> [Your instructions]: Return all entries precisely as they stand, without the images.

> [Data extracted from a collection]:
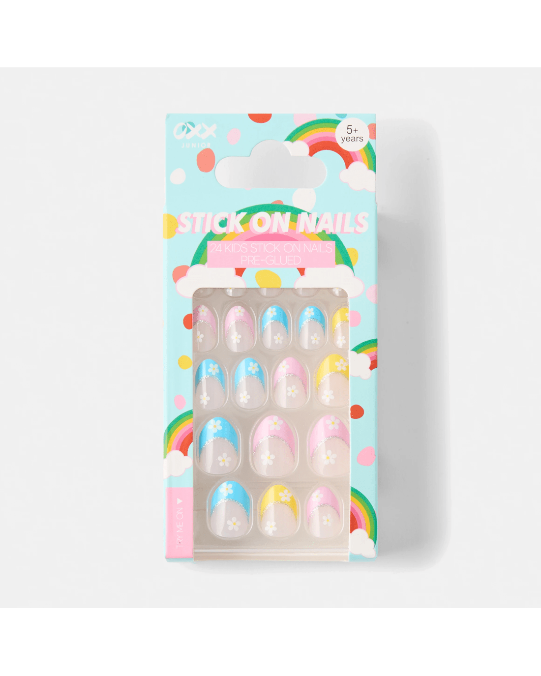 Give your kid's nails a cute makeover with this OXX Junior 24 Pack Pre-Glued Stick-On Nails.
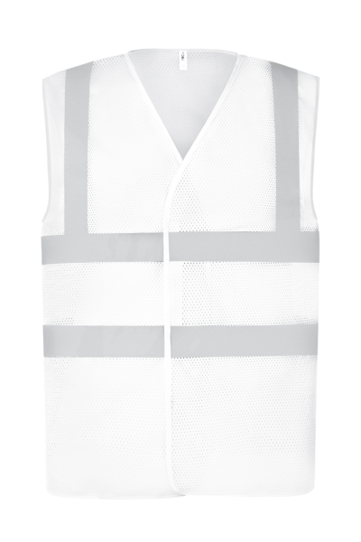 100% polyester. 100 % recycelter Polyester. Hergestellt aus PET-Kunststoffflaschen. Aus atmungsaktiver leichter Maschenware. 5 cm breite Reflexstreifen um den Körper und auf jeder Schulter. Klettverschluss an der Vorderseite. Entspricht American National Standard ANSI/ISEA 107-2004 & European Standard EN ISO20471: 2013 Klasse 2 : nur Hi Vis Orange und Hi Vis Yellow.
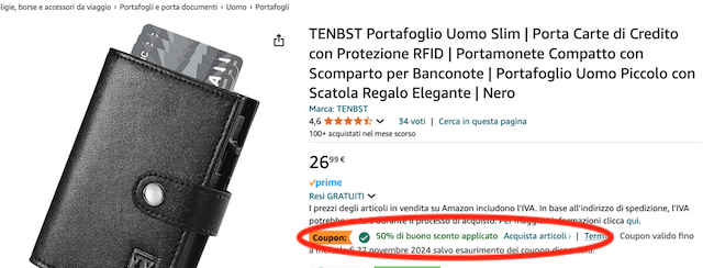 Si parte da 13€ circa soltanto, ma ricorda: per ottenere lo sconto del 50%, devi attivare il coupon sulla pagina, proprio come mostrato nell’immagine seguente.
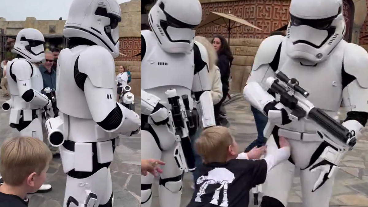 Watch the moment a child pushes a stormtrooper character in Star Wars: Galaxy’s Edge at Disney’s Hollywood Studios in the video below.
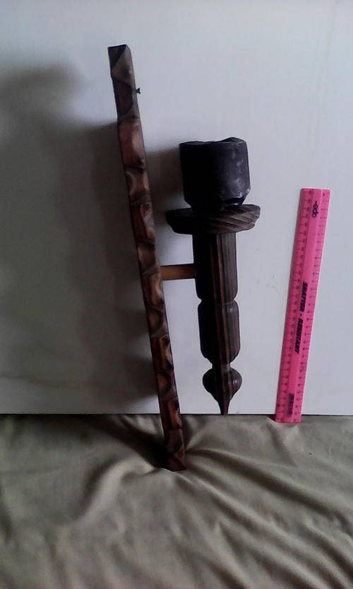 Wooden candle holder, nice and big.  Can be attached to wall. Candle not included.
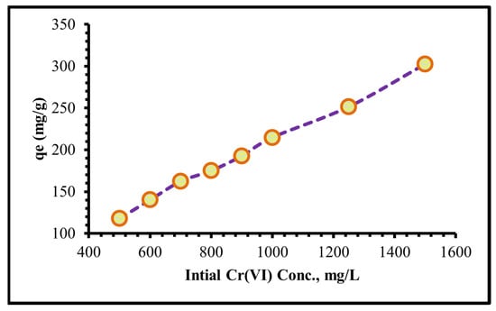 At a pH of 2, initial concentrations of Cr(VI) solutions ranging from 250 to 1500 mg/L were extended, and the appropriate amount of adsorbent (0.08 g) was used in adsorption tests at 25 °C. As illustrated in Figure 10, the % of Cr(VI) that can be eliminated depends upon the concentration of Cr(VI). It was shown that as the starting concentration was raised, so was the adsorption effectiveness. The ratio of initial moles of Cr(VI) to accessible uptake surface area on TIHP increases with lower initial Cr(VI) concentration. The mass transfer driving forces increase as the initial concentration of Cr(VI) increases, resulting in significant Cr(VI) adsorption. As a result, an initial concentration of 1250 mg/L of TIHP adsorbent was found to be best in this experiment.
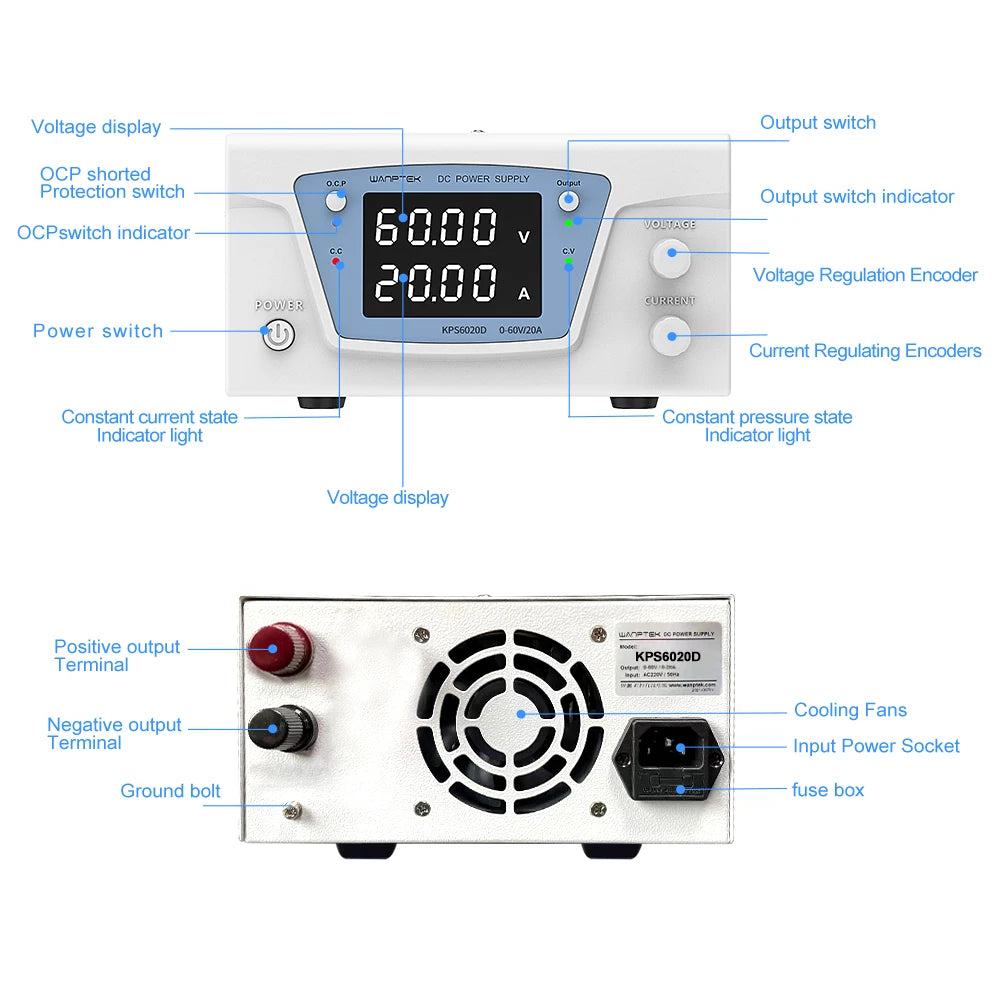 KPS series products are a high-power digital display program-controlled switching DC regulated power supply newly developed and upgraded by our company. This product is a DC programmable power supply with exquisite appearance, small size, high performance, powerful function and simple operation. It is suitable for testing in aerospace and defense, consumer electronics, computers and peripherals, communications, semiconductors, solar energy and automotive electronics. The product can display voltage and current at the same time. The output voltage and output current are adjusted by the encoder knob, which can be continuously adjusted between 0 and the nominal value. It has high power, large current, fast response, and fast load transient response, Low noise, easy to use and other significant advantages! The stability and ripple coefficient of the power supply are very good. It has various protection circuits such as short-circuit protection, over-voltage protection, over-current protection, over-temperature protection, etc., which can work at full load for a long time and is deeply loved by users.

> [Exercise solution]:
 Give your kid's nails a cute makeover with this OXX Junior 24 Pack Pre-Glued Stick-On Nails.
 100% polyester. 100 % recycelter Polyester. Hergestellt aus PET-Kunststoffflaschen. Aus atmungsaktiver leichter Maschenware. 5 cm breite Reflexstreifen um den Körper und auf jeder Schulter. Klettverschluss an der Vorderseite. Entspricht American National Standard ANSI/ISEA 107-2004 & European Standard EN ISO20471: 2013 Klasse 2 : nur Hi Vis Orange und Hi Vis Yellow.
 Si parte da 13€ circa soltanto, ma ricorda: per ottenere lo sconto del 50%, devi attivare il coupon sulla pagina, proprio come mostrato nell’immagine seguente.
 Watch the moment a child pushes a stormtrooper character in Star Wars: Galaxy’s Edge at Disney’s Hollywood Studios in the video below.
 Wooden candle holder, nice and big.  Can be attached to wall. Candle not included.
 At a pH of 2, initial concentrations of Cr(VI) solutions ranging from 250 to 1500 mg/L were extended, and the appropriate amount of adsorbent (0.08 g) was used in adsorption tests at 25 °C. As illustrated in Figure 10, the % of Cr(VI) that can be eliminated depends upon the concentration of Cr(VI). It was shown that as the starting concentration was raised, so was the adsorption effectiveness. The ratio of initial moles of Cr(VI) to accessible uptake surface area on TIHP increases with lower initial Cr(VI) concentration. The mass transfer driving forces increase as the initial concentration of Cr(VI) increases, resulting in significant Cr(VI) adsorption. As a result, an initial concentration of 1250 mg/L of TIHP adsorbent was found to be best in this experiment.
 KPS series products are a high-power digital display program-controlled switching DC regulated power supply newly developed and upgraded by our company. This product is a DC programmable power supply with exquisite appearance, small size, high performance, powerful function and simple operation. It is suitable for testing in aerospace and defense, consumer electronics, computers and peripherals, communications, semiconductors, solar energy and automotive electronics. The product can display voltage and current at the same time. The output voltage and output current are adjusted by the encoder knob, which can be continuously adjusted between 0 and the nominal value. It has high power, large current, fast response, and fast load transient response, Low noise, easy to use and other significant advantages! The stability and ripple coefficient of the power supply are very good. It has various protection circuits such as short-circuit protection, over-voltage protection, over-current protection, over-temperature protection, etc., which can work at full load for a long time and is deeply loved by users.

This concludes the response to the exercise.